How are nine billion people going to eat? How are they going to shelter from the heat or cold, and how are they going to move about in the vast urban landscapes needed to house them? With cheap energy coming to an end through peak oil and global warming, there will be pressure on agriculture to take up some of the slack with biofuels. An inevitable result of that, compounded with higher transport costs, will be higher food prices. Add to that pain the increases in costs for heating, cooling, power and water, and you have a standard of living that is racing quickly ahead of most humans' ability to pay for it.

One worst-case scenario for the present population is that about a billion people will die from starvation due to floods, fire, famine, drought, or die in wars precipitated by those events. About another billion people will be roaming around the planet looking for someplace to live. Got any extra room at your place? To avoid that scenario, we need more than political, financial and social band-aids. We need engineering.
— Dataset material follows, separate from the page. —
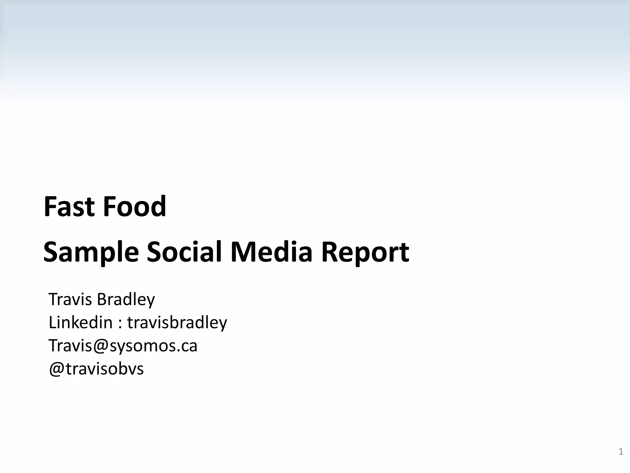 This social media report analyzes discussions around fast food over a 5 day period. It summarizes the share of voice on different platforms, with the most discussions on Twitter. It also analyzes sentiment and discusses the top 5 menu items, trends in nutrition discussions, top news stories, examples of content and influencers. Key metrics and profiles are provided on influential accounts on Twitter and blogs discussing fast food topics.

So what are engineers doing about it? Some of us are busy with administrative functions that are too hard for most clerical staff to handle by themselves. Many of us are doing documentation, writing specs, submitting tenders or writing requests for tenders. Still, some are shopping, but we call it Procurement so it sounds harder. We look for off-the-shelf solutions and figure out how to make them work in a particular industry application. It's important and useful, but is it Engineering?
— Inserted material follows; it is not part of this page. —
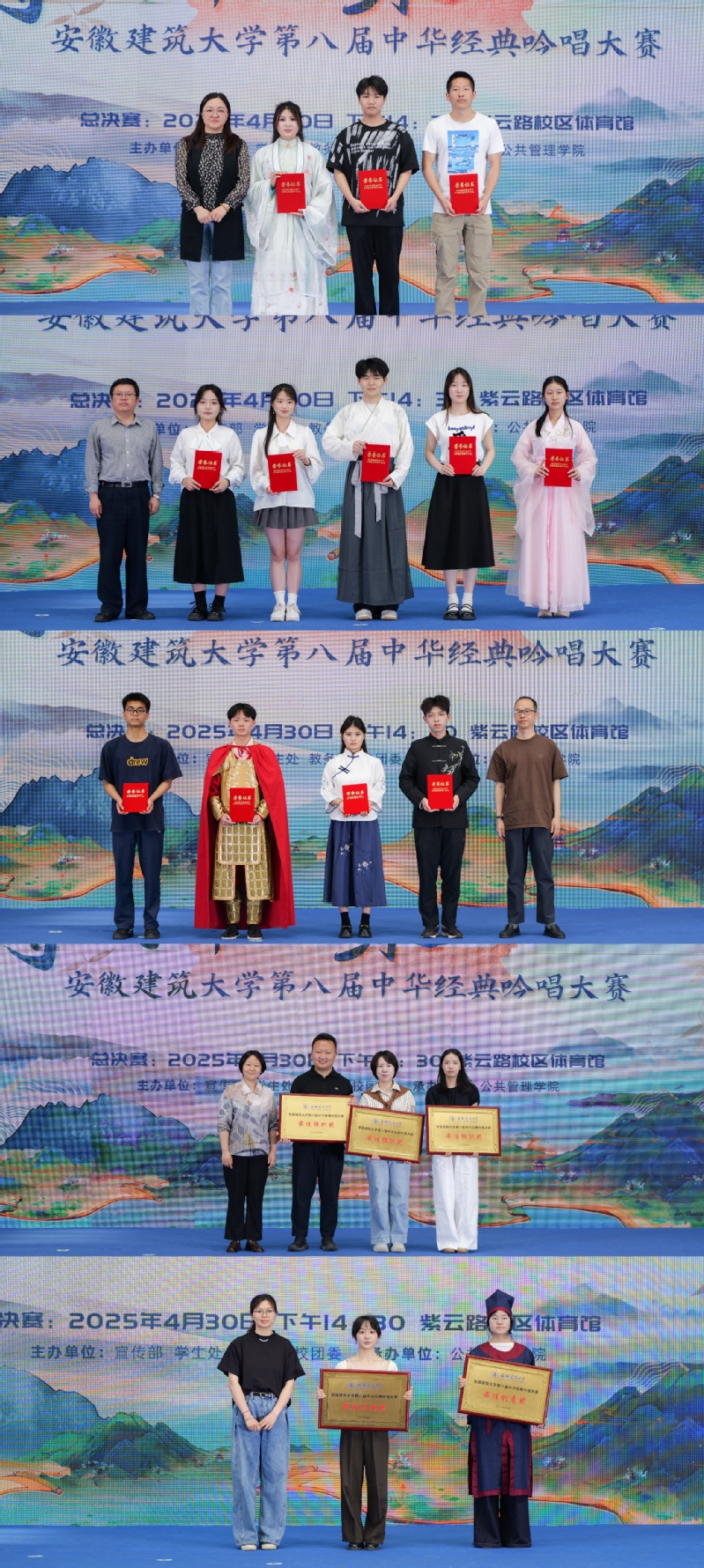 从《爱莲说》到《满江红》,从楚辞吟诵到剧情演绎,安徽建筑大学第八届中华经典吟唱大赛以艺术之美传递廉洁之魂,为校园文化建设注入了新的活力。正如大赛主题所言,“诗书养廉韵 雅言颂清风”,这场跨越时空的对话,不仅让经典焕发新生,更让廉洁成为新时代青年的精神底色。未来,学校将继续深化“文化+廉洁”的育人模式,让清廉之风浸润校园,为培养担当民族复兴大任的时代新人筑牢思想根基。(文/图:林兴勇 王梦妮;一审:林兴勇;二审:江侠;三审:黄佳豪)

I attempted to define Engineering for many years. My first degree was in Physics, a pure science with a decidedly arrogant subculture. To physicists, engineers were knuckle-dragging neanderthals who lacked the neural synaptitude to grasp the basics of nature. They can use fire proficiently, but are unable to explain how it works.

I found by personal experience that this was not entirely accurate. Physics could explain a lot of things, but what I wanted was knowledge that would directly benefit me. I wanted to know how to make my car go faster. I therefore went for a Master's degree in Mechanical Engineering.

What I found was a revelation to me. There were fields of serious scientific study within engineering that many Physicists had never heard of. Things like Rheology, Tribology, Metallurgy, Rotordynamics, Structural Mechanics and Vibration, Materials Science, and more. All fascinating, rigorous, difficult, and incredibly useful and practical.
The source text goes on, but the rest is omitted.